Bob Pike was the most prominent general-session speaker, and he spoke very knowledgeably about how to deal with difficult participants, and a few other things as well. He then literally went crazy and diagnosed 600 people’s personality with just one question. He asked us to choose one of six animals—the one that we most resonated with. He then asked us to get out of our chairs and join our other fellow beavers, dolphins, owls, care bears, and two other animals I can’t remember. These six groups were supposed to predict our behavior. It was freakin’ unbelievable, and yet most of the participants seemed to buy into it completely. Actually, I probably shouldn’t be so bold in that statement because I left the room after he divided us into groups. I sort of had to pee and I knew I wasn’t going to miss anything. I returned in five or ten minutes just before we were all allowed to return to our chairs.

In a defense of the participants, it was the last day of the conference, everybody was a bit burned out, many had been up late the night before at the MGM theme park that Elliott rented for participants (too many long falls from the Tower of Terror), and Pike used one of the oldest tricks in the persuasion handbook, introducing the topic as an area of rare scientific inquiry, in this case "The Science of Axiology," developed by Robert S. Hartman. The main idea of this brilliant science is that (and this is a direct quote I think) "something is good when it completely fulfills its characteristics."

What this means I’m not sure. In fact, I can’t make sense of it.
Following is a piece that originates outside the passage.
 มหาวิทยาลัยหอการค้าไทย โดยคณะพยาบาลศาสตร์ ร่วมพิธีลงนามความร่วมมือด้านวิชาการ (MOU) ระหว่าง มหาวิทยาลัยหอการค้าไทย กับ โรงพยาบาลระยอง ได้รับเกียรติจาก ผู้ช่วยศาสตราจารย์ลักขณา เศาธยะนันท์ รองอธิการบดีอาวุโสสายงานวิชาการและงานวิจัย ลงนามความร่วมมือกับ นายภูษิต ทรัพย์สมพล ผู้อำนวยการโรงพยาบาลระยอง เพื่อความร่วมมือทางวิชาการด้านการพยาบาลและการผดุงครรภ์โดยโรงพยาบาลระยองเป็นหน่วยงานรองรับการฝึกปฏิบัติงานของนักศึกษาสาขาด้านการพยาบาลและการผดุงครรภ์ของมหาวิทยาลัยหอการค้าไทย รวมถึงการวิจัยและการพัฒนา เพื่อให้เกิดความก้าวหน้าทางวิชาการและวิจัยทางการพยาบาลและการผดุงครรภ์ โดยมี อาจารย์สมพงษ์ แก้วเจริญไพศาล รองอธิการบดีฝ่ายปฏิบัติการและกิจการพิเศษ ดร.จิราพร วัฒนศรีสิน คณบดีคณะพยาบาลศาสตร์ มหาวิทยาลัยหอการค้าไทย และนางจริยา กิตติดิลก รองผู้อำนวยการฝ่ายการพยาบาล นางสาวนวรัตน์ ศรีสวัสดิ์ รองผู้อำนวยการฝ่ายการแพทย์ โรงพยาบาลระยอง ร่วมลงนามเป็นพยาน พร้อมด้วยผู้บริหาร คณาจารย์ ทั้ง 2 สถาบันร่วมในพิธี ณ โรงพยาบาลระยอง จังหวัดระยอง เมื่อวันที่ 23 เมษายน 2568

Let’s see, I have many characteristics. What does it mean to fulfill a characteristic? I have brown eyes. How do I fulfill that characteristic? Since brown eyes are supposed to be more suited to climates with lots of sunlight (than blue eyes), can I only be good if I live near the equator? I have a tongue. Tongues can do many things. Must I do them all each day to be good? My nose can smell and help me breathe, but it can also run with boogers when I have a cold. Must it run each day if I am to be good? It would have to run with boogers if it was going to enable the tongue to fulfill all of its characteristics. I think I’ll stop there with the body parts. Maybe Pike meant inanimate objects only. Let’s take cars. Maybe cars can only be good if they fulfill the characteristic of reaching 120 miles per hour, which most are capable of. My car has never reached that speed, so it must be bad. Cars are large objects that go fast. These characteristics make them perfect for killing small animals and children. Can a car only be good if it fulfills its potential for killing (insects on the windshield count to)? Cars also have the characteristic of breaking down. Do cars have to be bad to be good?
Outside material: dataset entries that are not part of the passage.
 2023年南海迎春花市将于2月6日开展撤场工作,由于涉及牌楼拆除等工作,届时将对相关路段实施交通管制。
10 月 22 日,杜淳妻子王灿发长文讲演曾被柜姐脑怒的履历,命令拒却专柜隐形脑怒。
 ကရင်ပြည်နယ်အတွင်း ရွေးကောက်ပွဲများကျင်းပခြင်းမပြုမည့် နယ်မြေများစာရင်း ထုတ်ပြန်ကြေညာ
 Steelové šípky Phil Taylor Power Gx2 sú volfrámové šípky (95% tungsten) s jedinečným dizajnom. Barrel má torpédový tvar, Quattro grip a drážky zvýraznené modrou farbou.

I watched Elliott on the Jumbotron at the end of Pike’s delusionary sermon. He looked to be in pain. But he saved the show remarkably by thanking Pike for pushing the boundaries of our thinking (or something like that). Nicely done Elliott.
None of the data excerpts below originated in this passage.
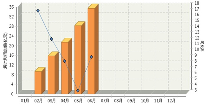 图1 2015.5—2016.6自行车行业利润景气指数变化态势 2016年1月~6月,全国自行车制造行业累计完成利润总额35.50亿元,同比增长9.40%,增速比上月大幅提高。(参见图2)。 图2 自行车行业月度累计利润总额走势图 从子行业分布情况看,电动自行车行业累计利润总额超过23亿元,同比增长20.34%;脚踏自行车行业累计利润总额超过12亿元,同比下降6.39%。
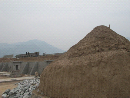 從720坑口出來不遠(yuǎn)處,我們來到了一個在建的五噸的炸藥庫,該炸藥庫由公安、安監(jiān)等部門批準(zhǔn)建立,為開掘平硐提供炸藥。炸藥庫為封土坑道式建筑,炸藥和雷管分別堆放,圈墻圍院,外設(shè)值班室和消防水池。龐總向我們介紹了炸藥庫人、物、技、犬四防標(biāo)準(zhǔn),以及消防問題等。
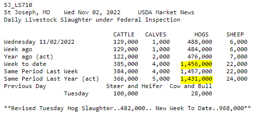 Le prix au comptant et la découpe ont aussi commencé leur descente. La question demeure jusqu’à quel niveau peut-il descendre alors que la majorité des analystes prévoient une baisse dans la disponibilité des viandes en générale pour terminer l’année 2022 et pour débuter l’année 2023? (https://www.tvanouvelles.ca/2022/11/02/craintes-dune-recession-de-viande-aux-etats-unis)

Pike ended in a classy fashion, giving a rather heartfelt plug to Elliott, hailing him as "The Great Connector." It was a touching moment. And it was true. Throughout the conference, we learned again and again how many people Elliott knew. It was quite amazing, and impressive, really.

And then, the show was over, and everyone went home.

in a later post, I’m going to rate the Learning 2005 conference along several dimensions. Overall, it was one of the better conferences I attended, but it is not near to where our conferences need to be to really generate useful learning.